● INSTRUCTIONS TO FOLLOW
Your copy should hold exactly the lines from the beginning of the listing below through the line with "Tugship brings APL", without any pictures.

● COLLECTED MATERIAL

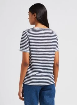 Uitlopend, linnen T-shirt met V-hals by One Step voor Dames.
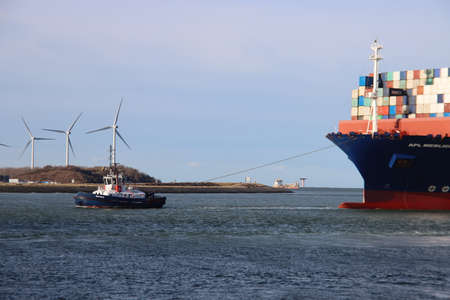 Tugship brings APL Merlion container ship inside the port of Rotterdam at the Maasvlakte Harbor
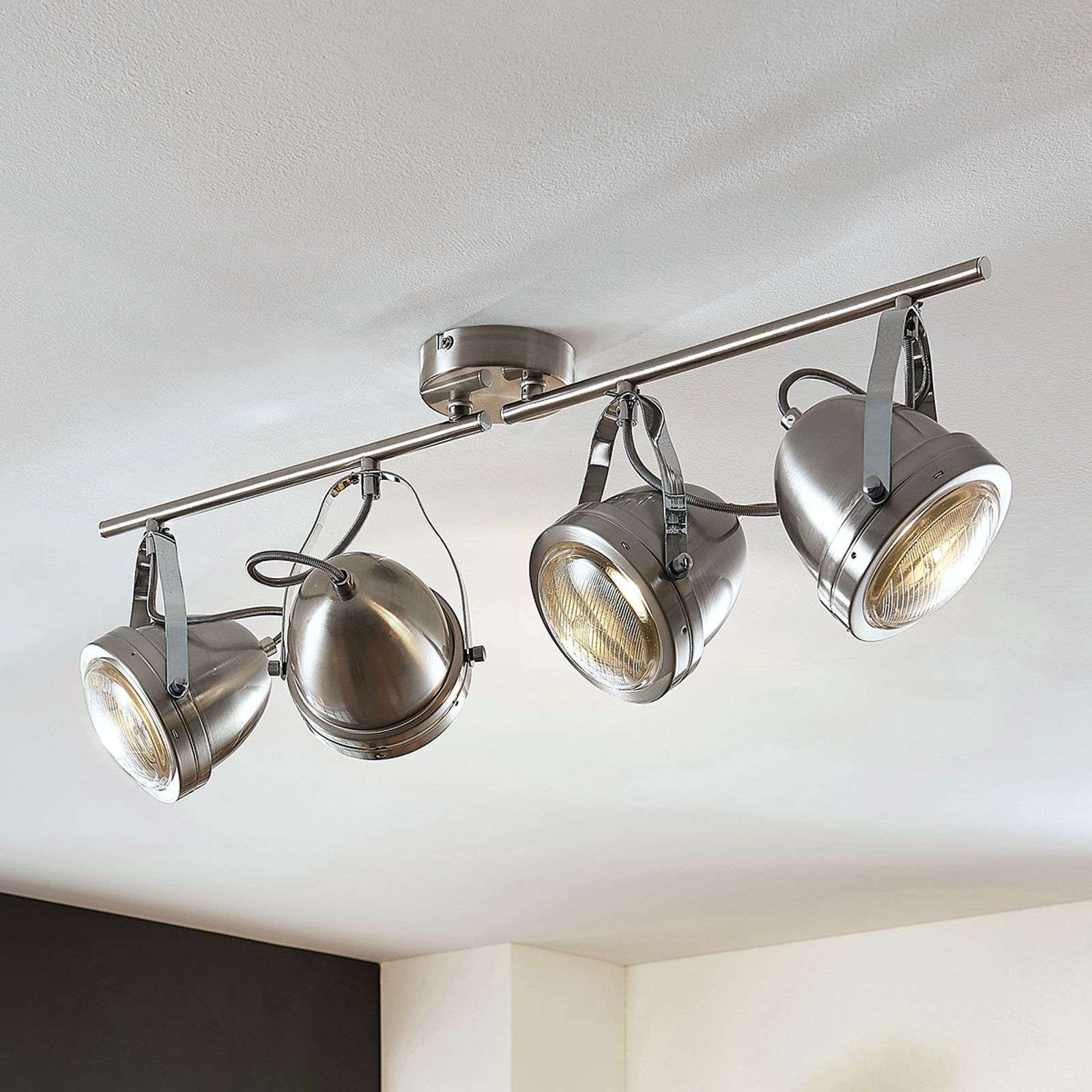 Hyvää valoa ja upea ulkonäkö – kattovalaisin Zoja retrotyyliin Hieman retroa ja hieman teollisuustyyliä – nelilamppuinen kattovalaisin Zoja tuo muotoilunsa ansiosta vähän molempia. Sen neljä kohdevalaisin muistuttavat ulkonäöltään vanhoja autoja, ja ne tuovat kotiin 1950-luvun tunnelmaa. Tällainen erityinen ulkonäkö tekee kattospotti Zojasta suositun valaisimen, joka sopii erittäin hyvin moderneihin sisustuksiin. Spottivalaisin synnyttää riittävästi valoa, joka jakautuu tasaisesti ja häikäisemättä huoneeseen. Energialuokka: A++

● ANSWER TO THIS TASK
 Uitlopend, linnen T-shirt met V-hals by One Step voor Dames.
 Tugship brings APL Merlion container ship inside the port of Rotterdam at the Maasvlakte Harbor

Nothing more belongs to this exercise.